▸ **RECORDED DATA**
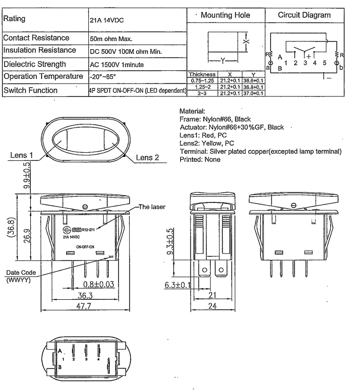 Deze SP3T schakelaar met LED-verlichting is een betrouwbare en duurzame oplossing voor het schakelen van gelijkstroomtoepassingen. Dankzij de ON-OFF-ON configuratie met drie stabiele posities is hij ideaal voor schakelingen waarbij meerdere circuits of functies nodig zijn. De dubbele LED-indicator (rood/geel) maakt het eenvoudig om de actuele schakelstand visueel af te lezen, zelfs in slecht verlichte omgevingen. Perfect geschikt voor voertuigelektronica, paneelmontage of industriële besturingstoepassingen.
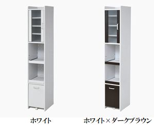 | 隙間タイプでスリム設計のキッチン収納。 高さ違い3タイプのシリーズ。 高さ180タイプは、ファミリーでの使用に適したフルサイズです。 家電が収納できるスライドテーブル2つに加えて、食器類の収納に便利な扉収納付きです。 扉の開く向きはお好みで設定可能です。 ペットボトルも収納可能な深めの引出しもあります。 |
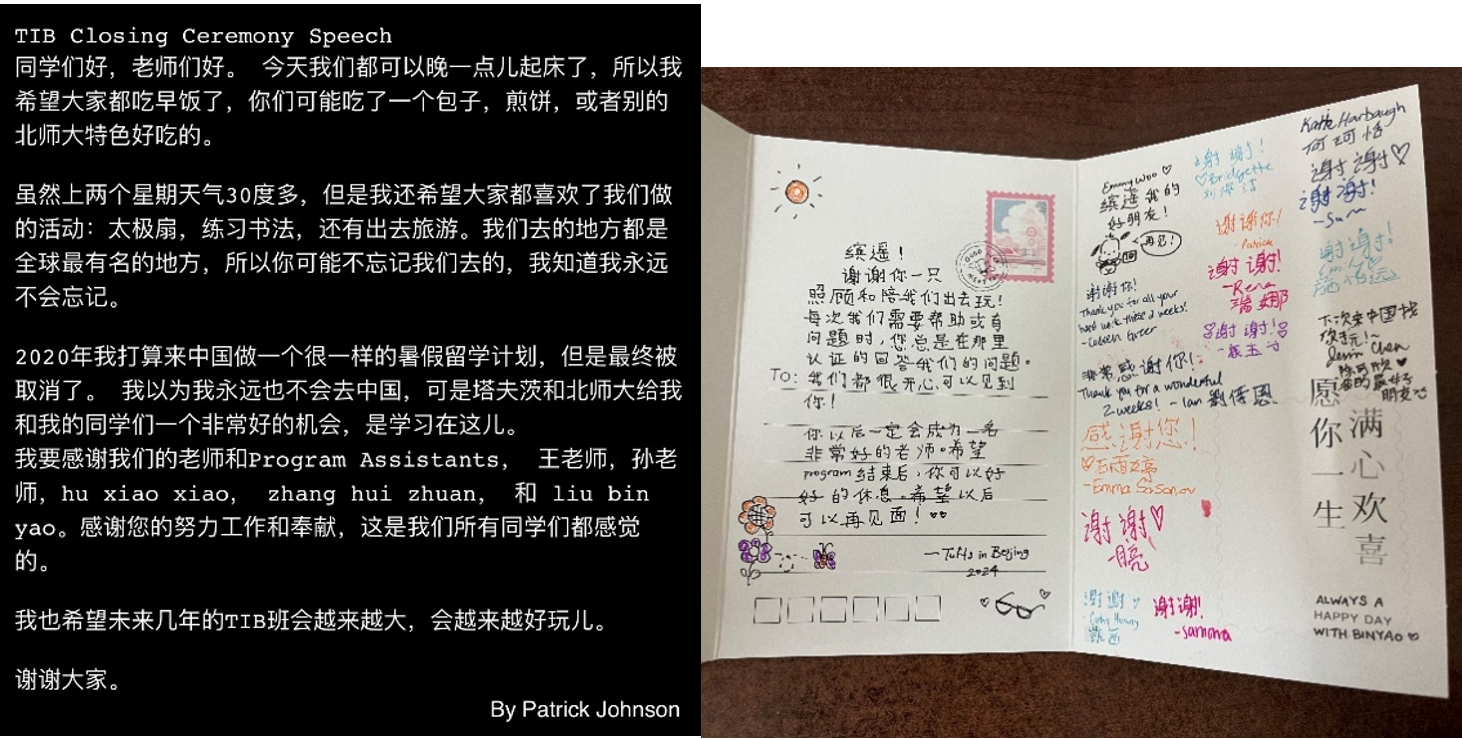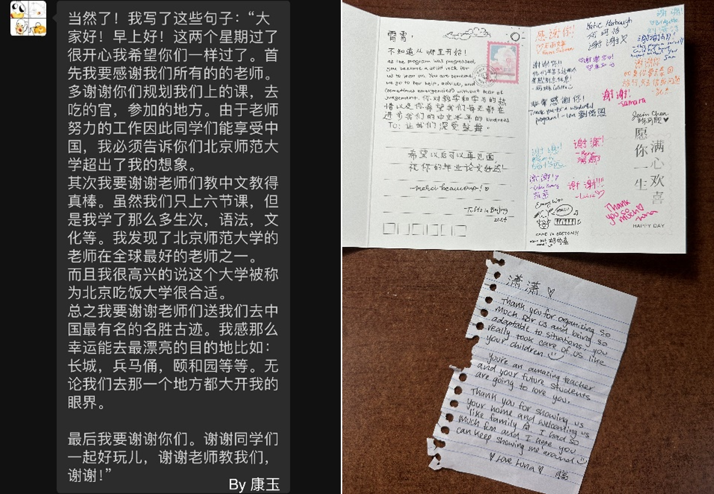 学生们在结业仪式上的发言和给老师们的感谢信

▸ **EXERCISE**
Pictures are to be excluded; all other material must be transcribed exactly.

▸ **RESPONSE TO THE EXERCISE**
 Deze SP3T schakelaar met LED-verlichting is een betrouwbare en duurzame oplossing voor het schakelen van gelijkstroomtoepassingen. Dankzij de ON-OFF-ON configuratie met drie stabiele posities is hij ideaal voor schakelingen waarbij meerdere circuits of functies nodig zijn. De dubbele LED-indicator (rood/geel) maakt het eenvoudig om de actuele schakelstand visueel af te lezen, zelfs in slecht verlichte omgevingen. Perfect geschikt voor voertuigelektronica, paneelmontage of industriële besturingstoepassingen.
 | 隙間タイプでスリム設計のキッチン収納。 高さ違い3タイプのシリーズ。 高さ180タイプは、ファミリーでの使用に適したフルサイズです。 家電が収納できるスライドテーブル2つに加えて、食器類の収納に便利な扉収納付きです。 扉の開く向きはお好みで設定可能です。 ペットボトルも収納可能な深めの引出しもあります。 |
 学生们在结业仪式上的发言和给老师们的感谢信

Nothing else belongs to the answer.